The human-in-the-loop model, where a human approves the most delicate moves of an AI agent before they are executed, is not the benchmark that the industry believes it to be. This is supported by Eric Brandwine, VP and distinguished engineer of Amazon Security, in an interview where he dismantles the notion that simply putting a person in the decision-making loop is enough to ensure the safety of agents.

The point is that humans cannot handle the task. "Humans are not very consistent. Human-in-the-loop is not necessarily the benchmark standard," Brandwine stated. Those appointed to approve requests from agents one after another quickly degrade: as he recounted to The Register, "at first, they will do a good job. Then a so-so job. And very soon they will do it poorly."

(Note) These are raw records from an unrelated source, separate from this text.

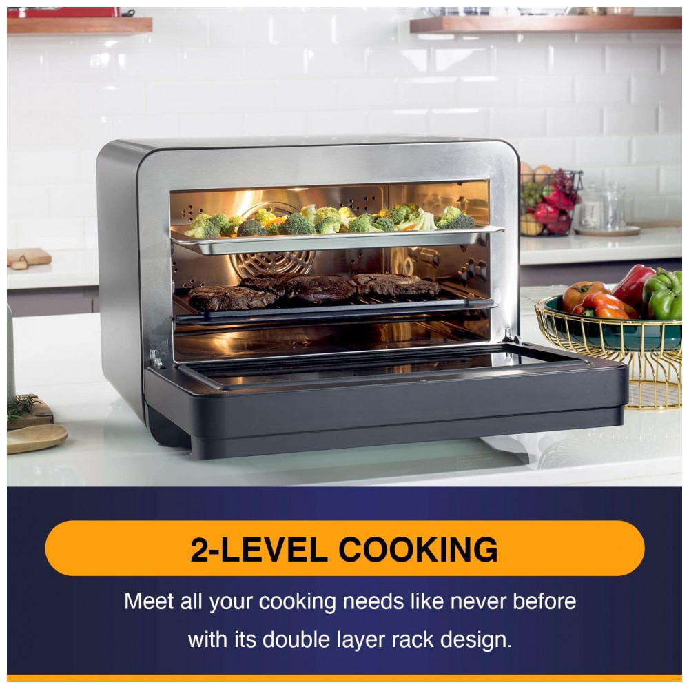 Painel de Controle Intuitivo e Fácil de Usar: Com um painel de toque moderno e display LED grande, você pode acessar funções com apenas um toque, incluindo Vapor, Vapor & Assar, Convecção e Air Fry. Torne cada preparo mais rápido e seguro.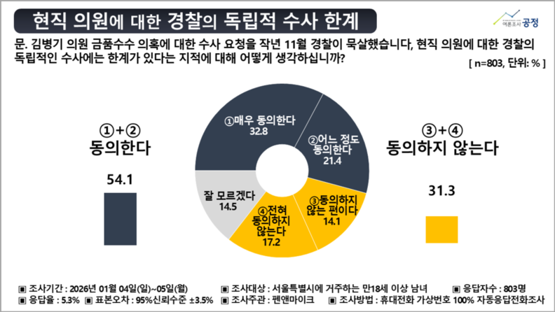 현직 국회의원에 대한 경찰 수사가 구조적으로 한계가 있다는 지적에 54.1%가 동의했다. 동의하지 않는다는 응답은 31.3%였다.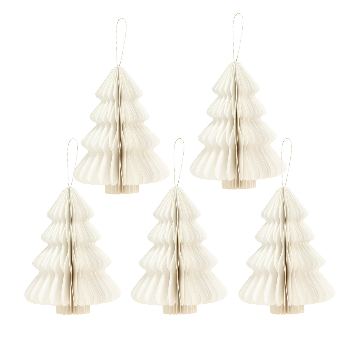Hängedeko Weihnachtsbaum Papier Weiß Silber 20cm 5er Set

Amazon has a name for this phenomenon, normalization of deviance: the gradual erosion of attention when a check becomes routine. Brandwine illustrates this with emergency hospital rooms, where nurses stop reacting to alarms after a sequence of false positives. "Literally, someone's life is at stake, and people still struggle to maintain discipline. It’s the human condition," he observes. This concept is not new to him: he had discussed it in a talk at AWS re:Invent in 2017, and today he applies it to agents.

The Proposal: End-to-End Accountability

The alternative that Amazon puts on the table is end-to-end accountability. Instead of a human acting as a stamp, each agent receives its own identity, and the logs record "this agent did X on behalf of Eric," not "Eric did X." Responsibility remains traceable back to the person without requiring that this person manually approve every step.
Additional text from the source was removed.